**ACTION ITEM**
In the listing below, the lines starting at the line with "商品名称:满座家居 2025爆款230克高克重雕花牛奶绒床盖四件套 金枝玉叶-米灰" and ending at the line with "- alsó szinten" are to be output verbatim. Images stay out of the copy.

**DATA PROVIDED**
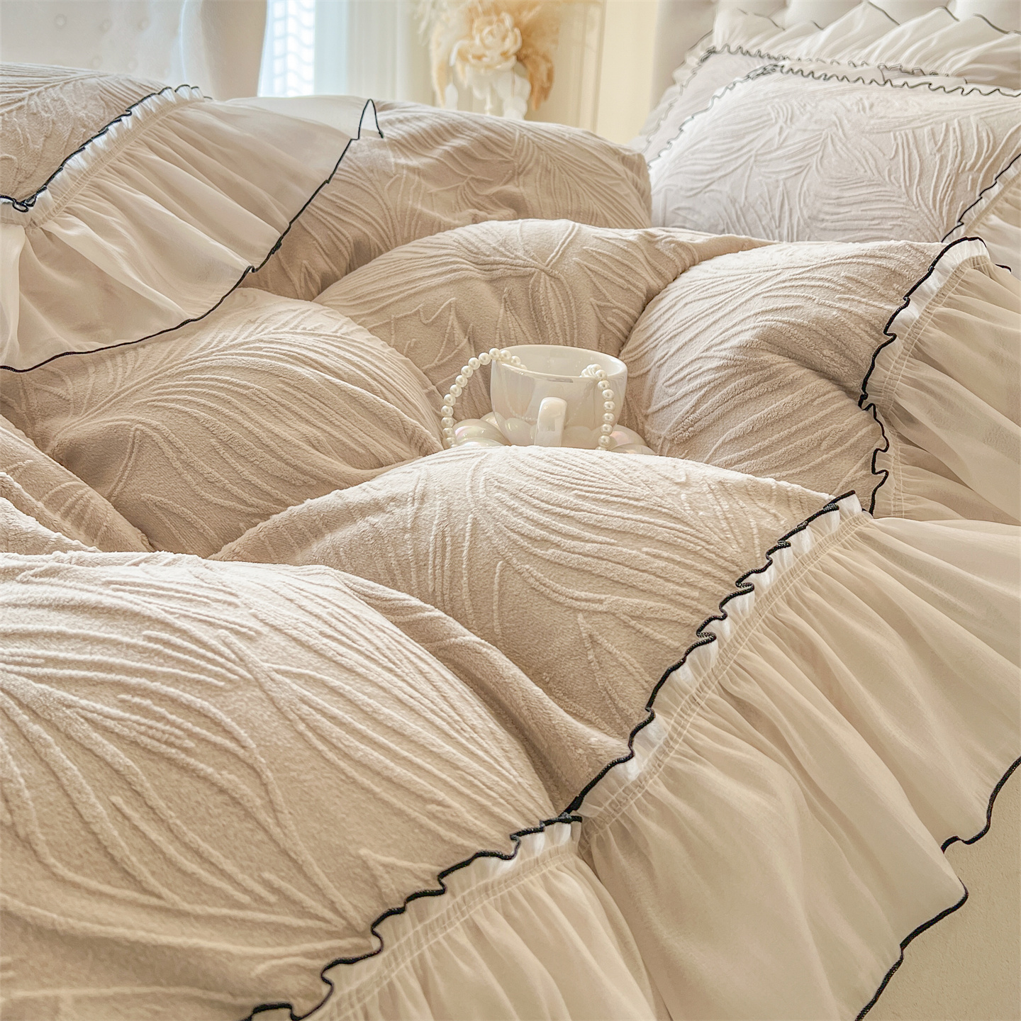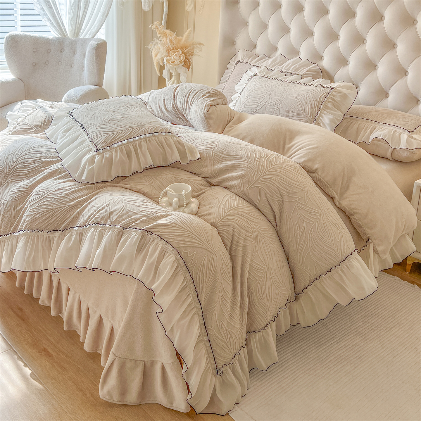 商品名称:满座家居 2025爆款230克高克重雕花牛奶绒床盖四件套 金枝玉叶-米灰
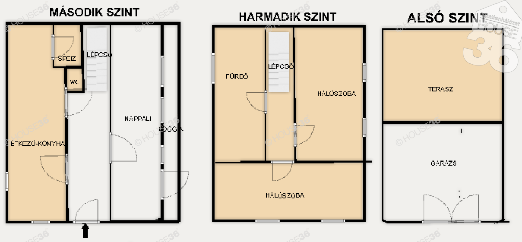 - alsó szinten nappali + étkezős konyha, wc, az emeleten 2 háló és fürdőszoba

---

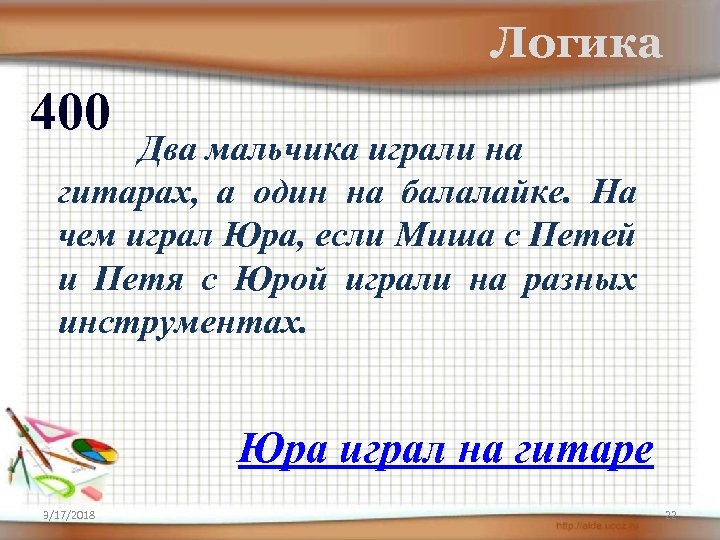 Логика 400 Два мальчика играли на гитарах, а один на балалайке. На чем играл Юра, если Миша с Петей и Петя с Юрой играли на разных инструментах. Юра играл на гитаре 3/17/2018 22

...

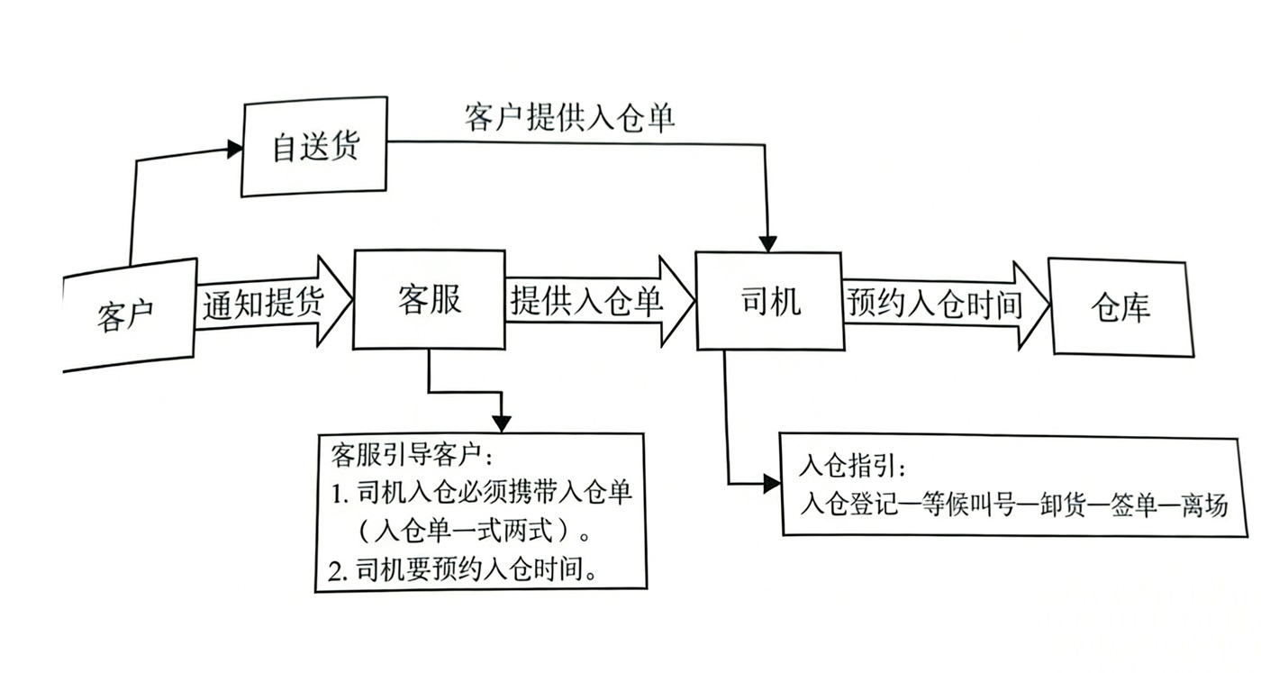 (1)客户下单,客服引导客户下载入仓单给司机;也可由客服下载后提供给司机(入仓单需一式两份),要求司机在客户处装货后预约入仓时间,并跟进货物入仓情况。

**WORKED SOLUTION**
 商品名称:满座家居 2025爆款230克高克重雕花牛奶绒床盖四件套 金枝玉叶-米灰
 - alsó szinten nappali + étkezős konyha, wc, az emeleten 2 háló és fürdőszoba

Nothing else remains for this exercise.